:: Aim of the task ::
Copy out each line of the data that contains "photo".

:: Saved entries ::

______

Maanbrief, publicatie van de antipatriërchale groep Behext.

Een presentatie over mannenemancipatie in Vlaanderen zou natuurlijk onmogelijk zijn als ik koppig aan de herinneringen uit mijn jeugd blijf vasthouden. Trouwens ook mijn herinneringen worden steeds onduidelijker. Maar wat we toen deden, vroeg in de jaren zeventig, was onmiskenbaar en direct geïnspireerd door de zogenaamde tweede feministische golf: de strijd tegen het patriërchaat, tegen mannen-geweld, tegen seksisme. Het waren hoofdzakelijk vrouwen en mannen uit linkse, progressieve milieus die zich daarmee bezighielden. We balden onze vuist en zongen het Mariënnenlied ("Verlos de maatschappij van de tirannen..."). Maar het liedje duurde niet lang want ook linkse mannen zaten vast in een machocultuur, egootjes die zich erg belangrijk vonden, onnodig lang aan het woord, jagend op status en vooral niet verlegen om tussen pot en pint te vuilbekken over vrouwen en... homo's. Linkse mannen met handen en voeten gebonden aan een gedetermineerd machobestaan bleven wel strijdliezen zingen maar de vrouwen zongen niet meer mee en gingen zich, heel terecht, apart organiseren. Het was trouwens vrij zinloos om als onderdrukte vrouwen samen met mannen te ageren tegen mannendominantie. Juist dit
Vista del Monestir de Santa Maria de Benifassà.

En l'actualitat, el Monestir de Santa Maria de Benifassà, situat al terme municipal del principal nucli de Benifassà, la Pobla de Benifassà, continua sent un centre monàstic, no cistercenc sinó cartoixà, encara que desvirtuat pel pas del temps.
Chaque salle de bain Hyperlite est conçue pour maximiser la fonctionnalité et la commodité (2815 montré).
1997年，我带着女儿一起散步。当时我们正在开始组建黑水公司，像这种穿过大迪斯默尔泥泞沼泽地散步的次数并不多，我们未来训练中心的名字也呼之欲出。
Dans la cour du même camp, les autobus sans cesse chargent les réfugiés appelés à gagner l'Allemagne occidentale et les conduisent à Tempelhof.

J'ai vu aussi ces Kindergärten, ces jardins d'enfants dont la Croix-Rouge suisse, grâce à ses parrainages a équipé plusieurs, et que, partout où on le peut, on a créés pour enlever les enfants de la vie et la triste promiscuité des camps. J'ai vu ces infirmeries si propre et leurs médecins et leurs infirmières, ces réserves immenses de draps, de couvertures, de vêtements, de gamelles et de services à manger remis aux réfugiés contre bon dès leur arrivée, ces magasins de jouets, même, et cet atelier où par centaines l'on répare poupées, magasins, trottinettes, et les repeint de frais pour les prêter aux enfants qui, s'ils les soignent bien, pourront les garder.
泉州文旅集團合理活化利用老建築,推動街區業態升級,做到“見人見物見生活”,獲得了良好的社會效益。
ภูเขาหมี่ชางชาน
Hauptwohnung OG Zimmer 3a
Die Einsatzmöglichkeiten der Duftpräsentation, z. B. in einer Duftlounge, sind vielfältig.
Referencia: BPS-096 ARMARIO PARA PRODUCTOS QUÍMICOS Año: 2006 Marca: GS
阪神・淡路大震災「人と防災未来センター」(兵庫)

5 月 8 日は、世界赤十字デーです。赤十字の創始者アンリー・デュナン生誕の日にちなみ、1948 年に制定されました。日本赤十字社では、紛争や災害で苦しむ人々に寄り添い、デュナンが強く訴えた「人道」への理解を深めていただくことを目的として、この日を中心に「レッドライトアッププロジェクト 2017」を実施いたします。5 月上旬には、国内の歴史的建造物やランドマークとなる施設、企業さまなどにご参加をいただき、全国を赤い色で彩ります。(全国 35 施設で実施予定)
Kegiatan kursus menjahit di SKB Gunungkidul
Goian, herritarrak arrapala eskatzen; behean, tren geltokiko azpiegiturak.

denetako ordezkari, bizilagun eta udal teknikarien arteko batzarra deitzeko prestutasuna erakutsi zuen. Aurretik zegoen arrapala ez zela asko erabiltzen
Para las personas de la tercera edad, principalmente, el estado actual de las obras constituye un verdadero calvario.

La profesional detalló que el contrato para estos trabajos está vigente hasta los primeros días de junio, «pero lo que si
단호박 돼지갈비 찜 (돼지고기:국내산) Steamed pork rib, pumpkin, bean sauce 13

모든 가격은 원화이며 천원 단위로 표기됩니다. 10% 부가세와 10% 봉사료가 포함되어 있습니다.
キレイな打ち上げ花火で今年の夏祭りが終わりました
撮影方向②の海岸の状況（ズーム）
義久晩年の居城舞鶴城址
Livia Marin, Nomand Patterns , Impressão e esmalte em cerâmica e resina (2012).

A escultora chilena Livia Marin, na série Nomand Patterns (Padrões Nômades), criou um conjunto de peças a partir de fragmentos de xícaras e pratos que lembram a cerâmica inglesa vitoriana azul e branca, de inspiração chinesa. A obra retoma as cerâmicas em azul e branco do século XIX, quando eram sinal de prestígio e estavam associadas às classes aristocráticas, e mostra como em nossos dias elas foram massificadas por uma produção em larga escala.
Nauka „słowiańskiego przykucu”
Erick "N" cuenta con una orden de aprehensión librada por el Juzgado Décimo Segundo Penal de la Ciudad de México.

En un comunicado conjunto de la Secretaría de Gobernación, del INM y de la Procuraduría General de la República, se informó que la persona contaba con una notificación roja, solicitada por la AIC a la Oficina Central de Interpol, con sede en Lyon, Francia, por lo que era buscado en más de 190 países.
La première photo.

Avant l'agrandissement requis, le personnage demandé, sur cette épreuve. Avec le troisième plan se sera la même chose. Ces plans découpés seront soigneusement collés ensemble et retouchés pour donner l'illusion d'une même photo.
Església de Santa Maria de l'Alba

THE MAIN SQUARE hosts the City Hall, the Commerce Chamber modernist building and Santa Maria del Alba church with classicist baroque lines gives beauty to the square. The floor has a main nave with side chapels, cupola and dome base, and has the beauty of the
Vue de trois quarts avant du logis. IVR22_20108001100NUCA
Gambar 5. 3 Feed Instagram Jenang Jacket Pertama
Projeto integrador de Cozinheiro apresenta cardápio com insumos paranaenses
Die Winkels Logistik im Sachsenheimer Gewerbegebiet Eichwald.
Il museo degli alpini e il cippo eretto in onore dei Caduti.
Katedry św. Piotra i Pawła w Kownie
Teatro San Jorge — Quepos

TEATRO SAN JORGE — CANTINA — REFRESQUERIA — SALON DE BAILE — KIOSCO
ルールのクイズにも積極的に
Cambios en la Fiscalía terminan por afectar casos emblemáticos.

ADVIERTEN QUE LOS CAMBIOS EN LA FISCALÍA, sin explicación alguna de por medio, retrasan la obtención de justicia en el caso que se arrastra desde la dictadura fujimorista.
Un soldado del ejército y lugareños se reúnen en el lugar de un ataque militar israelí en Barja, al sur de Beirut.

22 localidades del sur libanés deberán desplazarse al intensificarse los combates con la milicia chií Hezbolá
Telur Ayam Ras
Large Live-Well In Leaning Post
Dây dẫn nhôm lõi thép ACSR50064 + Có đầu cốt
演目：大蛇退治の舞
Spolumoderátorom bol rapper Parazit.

______

:: Response to the task ::
La première photo.
Avant l'agrandissement requis, le personnage demandé, sur cette épreuve. Avec le troisième plan se sera la même chose. Ces plans découpés seront soigneusement collés ensemble et retouchés pour donner l'illusion d'une même photo.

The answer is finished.